*Brief:* The listing below is to be duplicated exactly, with every picture omitted.

*Data section:*
-*-*-

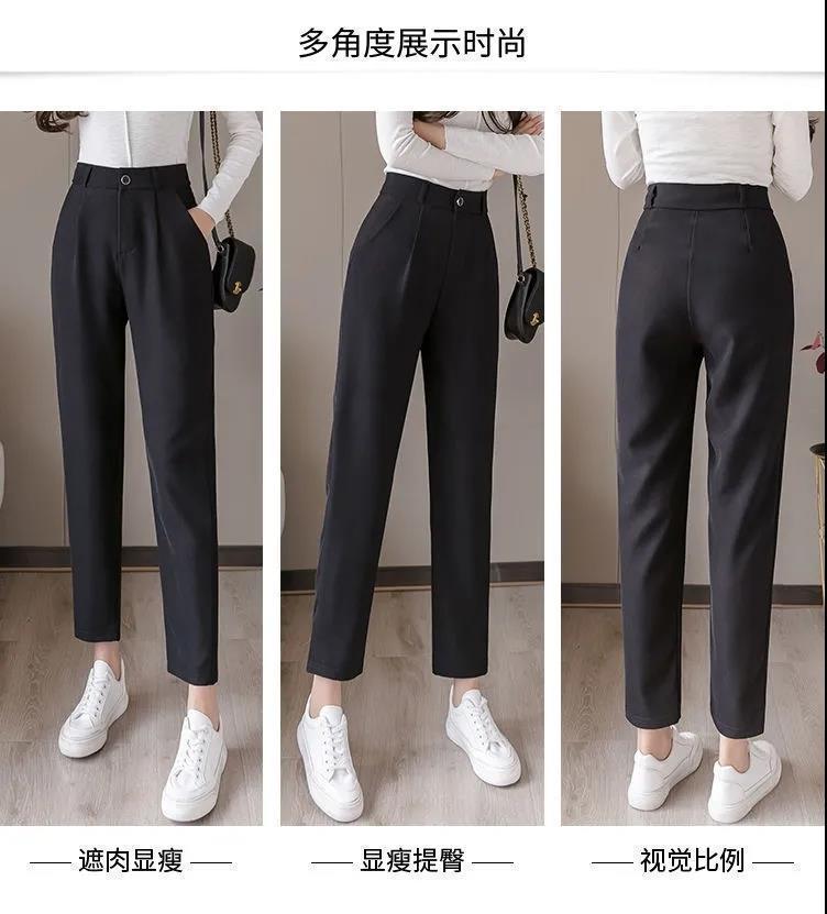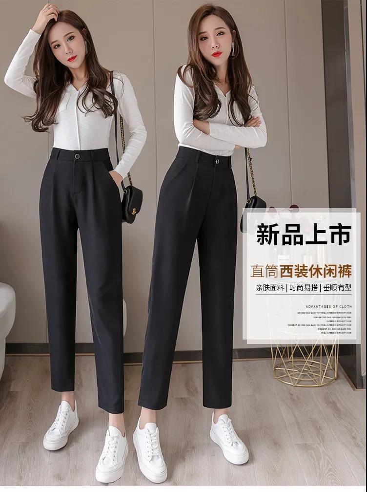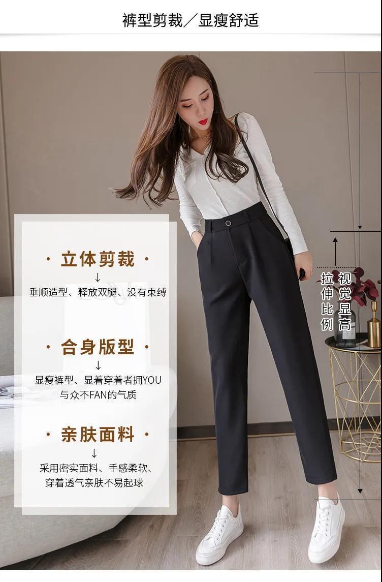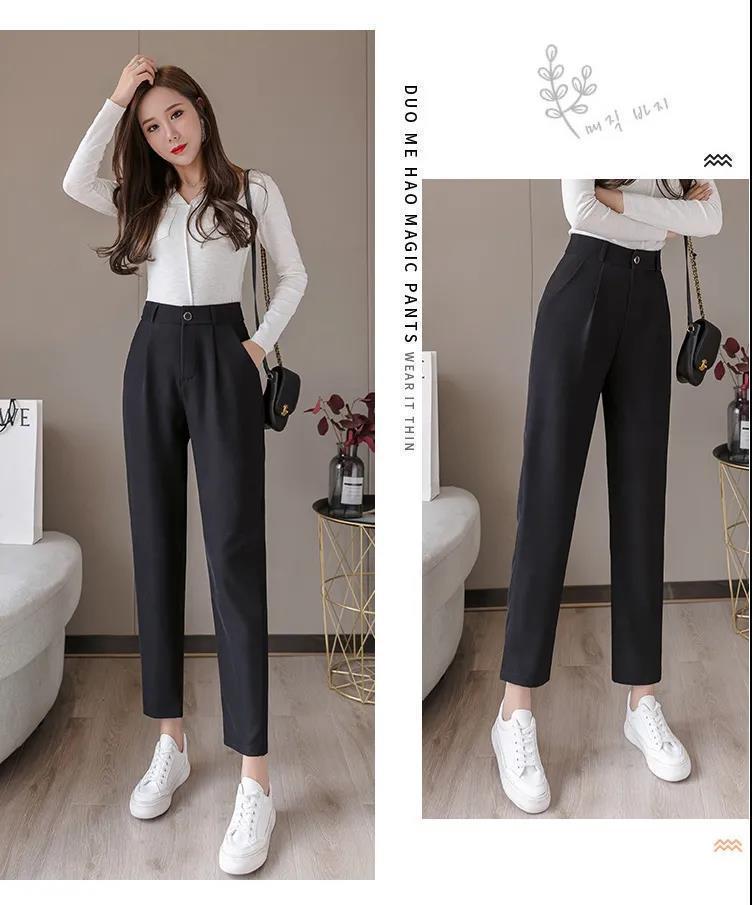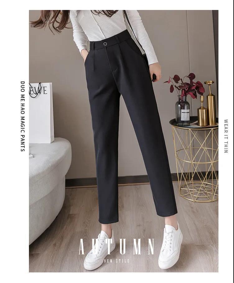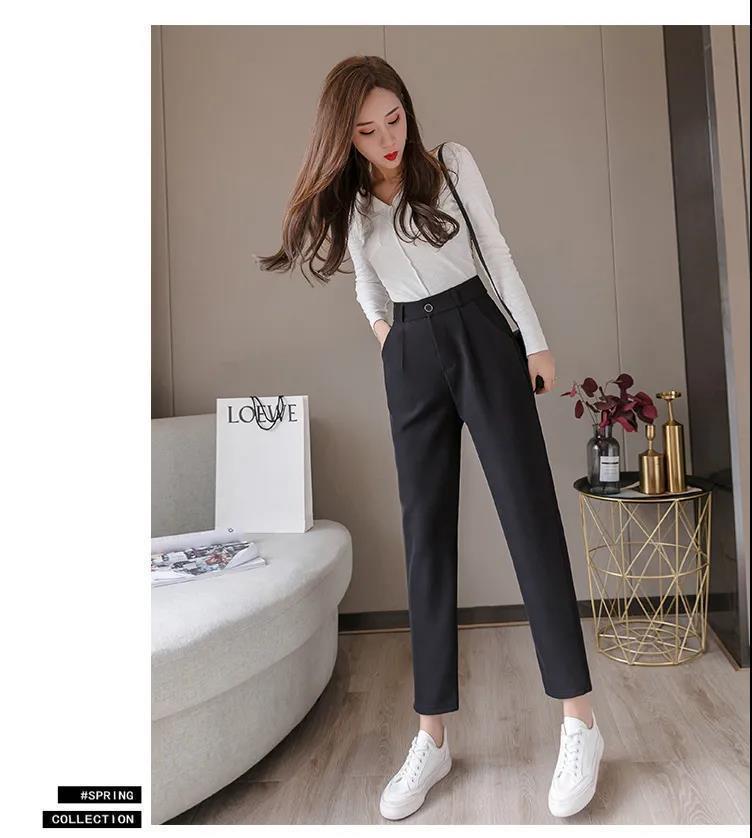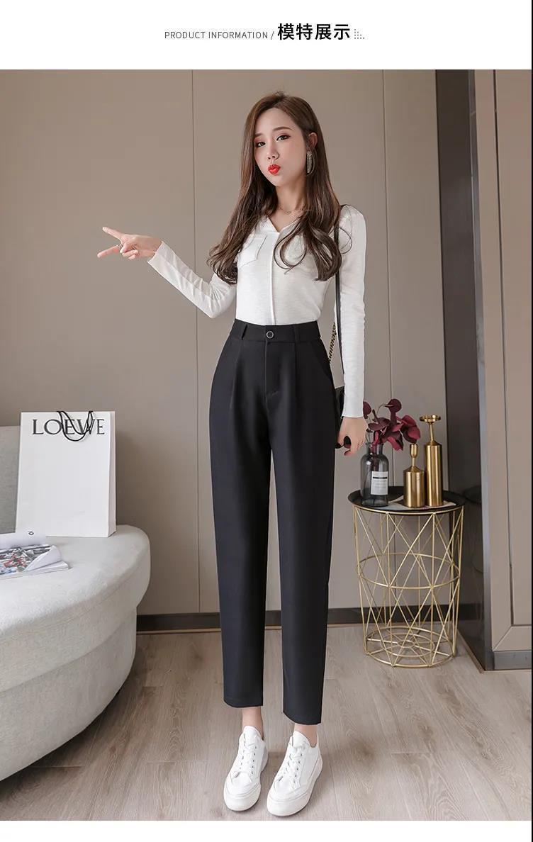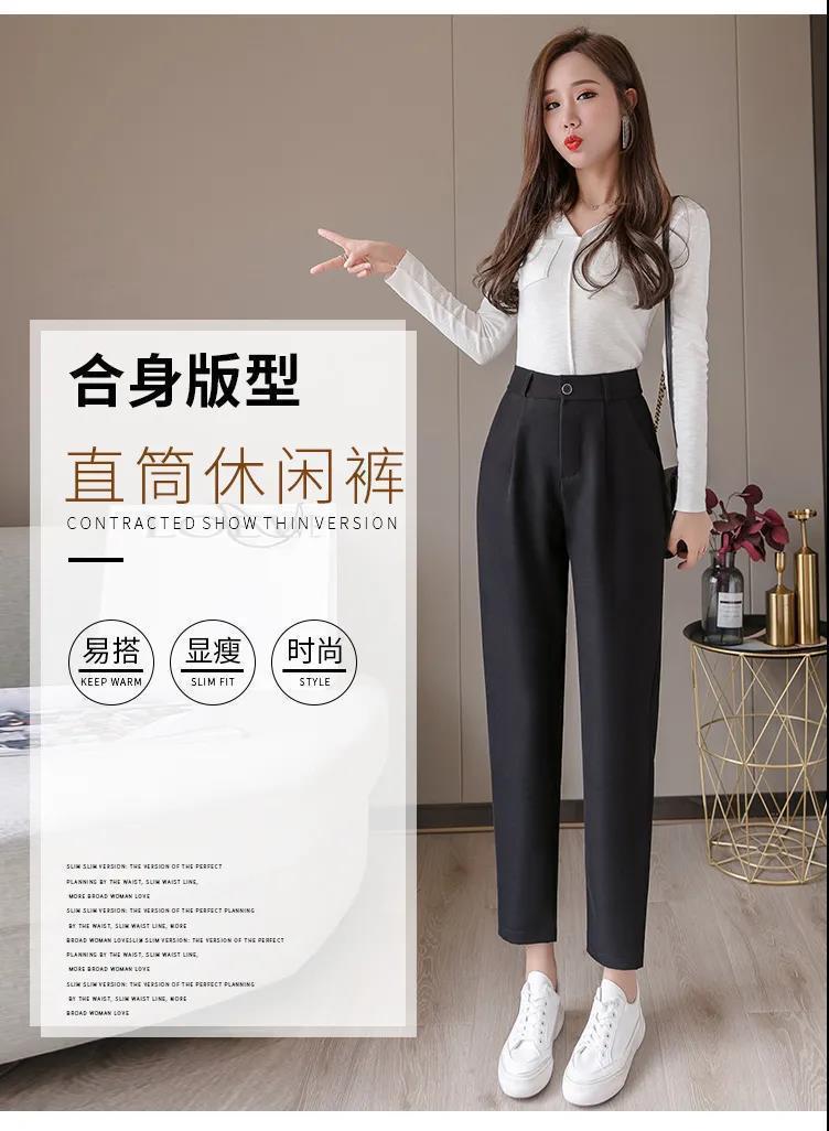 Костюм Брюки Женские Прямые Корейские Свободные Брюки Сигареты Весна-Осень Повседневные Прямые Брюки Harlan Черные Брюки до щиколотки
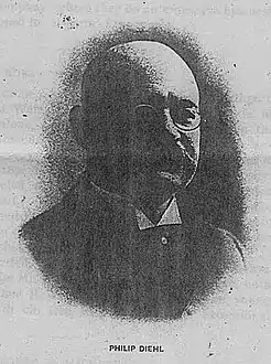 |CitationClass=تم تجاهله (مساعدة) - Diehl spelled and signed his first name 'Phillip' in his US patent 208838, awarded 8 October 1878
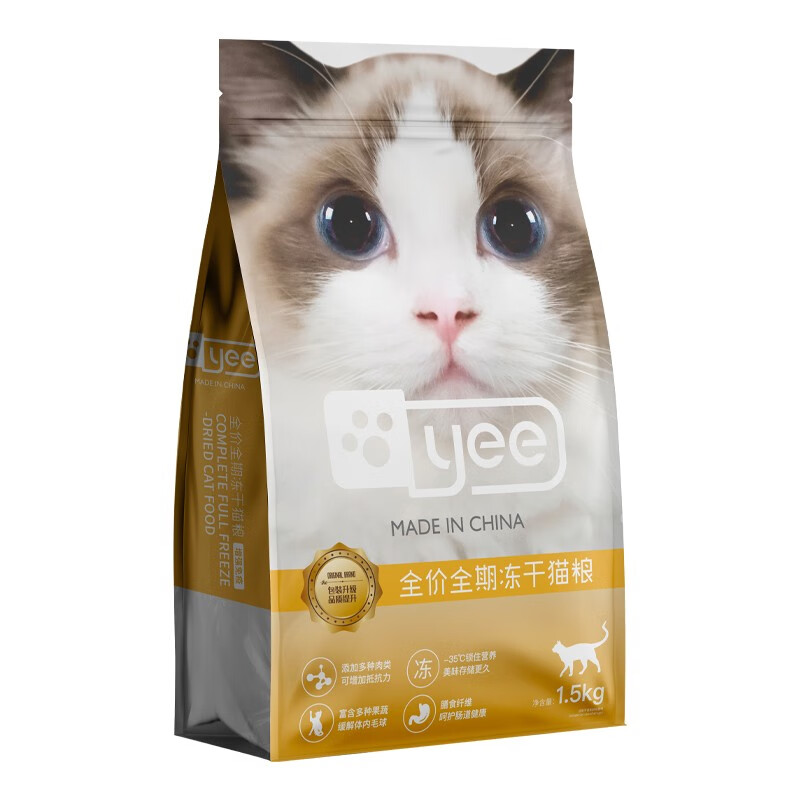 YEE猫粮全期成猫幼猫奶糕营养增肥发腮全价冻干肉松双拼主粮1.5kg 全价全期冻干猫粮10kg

-*-*-

*Task answer:*
 Костюм Брюки Женские Прямые Корейские Свободные Брюки Сигареты Весна-Осень Повседневные Прямые Брюки Harlan Черные Брюки до щиколотки
 |CitationClass=تم تجاهله (مساعدة) - Diehl spelled and signed his first name 'Phillip' in his US patent 208838, awarded 8 October 1878
 YEE猫粮全期成猫幼猫奶糕营养增肥发腮全价冻干肉松双拼主粮1.5kg 全价全期冻干猫粮10kg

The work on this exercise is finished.